Poetry by
Christine Potter.
Photography by
Vinay.

Tornado Warnings After Dinner With Your Family in Indiana

Wind suddenly pewter-dark jitters an American flag
on the porch across the street.  I think things 
are going in circles already, but your cousin 

says wind from the Northeast never brings twisters.  
At the cottage we’ve rented, you open the cellar door,
find a flashlight, turn on the TV.  The picture’s granulated, 

the weather map too small to read.  You shrug,  
say we’ll hear what comes if we turn off the AC, 
that you never had AC when you were a boy 

and didn’t feel the heat. You say children didn’t feel heat  
before air conditioning.  But I remember nights so thick 
that everything I saw was the discarded garment 

of a ghost: limp curtains,  sheets too damp to pull over me, 
even the hall light slinking under my bedroom door. 
I checked for nuclear war on a red transistor radio 

hidden under my pillow.  Even now, I don’t believe  
in simple midnight, in all that’s really outside: crickets 
reeling out song, wet grass that catches in my sandals.  

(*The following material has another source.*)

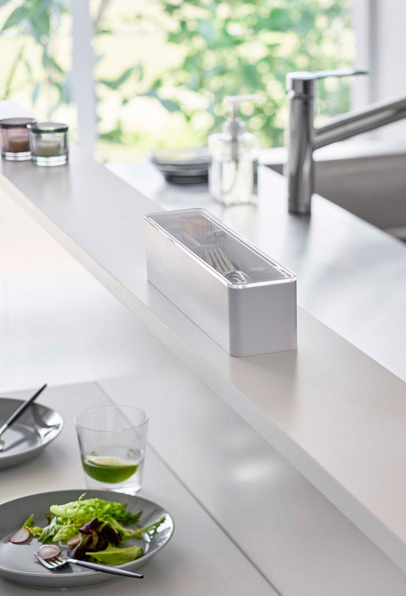 埃やゴミが気にならない、中身が見えて使いやすい蓋付きのカトラリーケース。深さが異なる仕切り付きで、お箸やカトラリー、爪楊枝や箸置きなども一括収納します。お箸やカトラリーを浮かせて収納できる構造で衛生的です。スリムだからキッチンカウンター上にも置けます。

Hours later, blown awake by timpani and explosive rain,  
I have to read until dawn.  There may be no sorrow 
my watch will ward off,  but even practice in being spared 

does not make for faith.  You’re hard asleep, used to funnel clouds
that sliced the roof from your high school, second-floor floods.
You believe in exactly what comes tomorrow:

bright, harmless fog that clouds the windows 
as if something enormous had breathed upon them-- 
mercy that’s blind, and steady as time.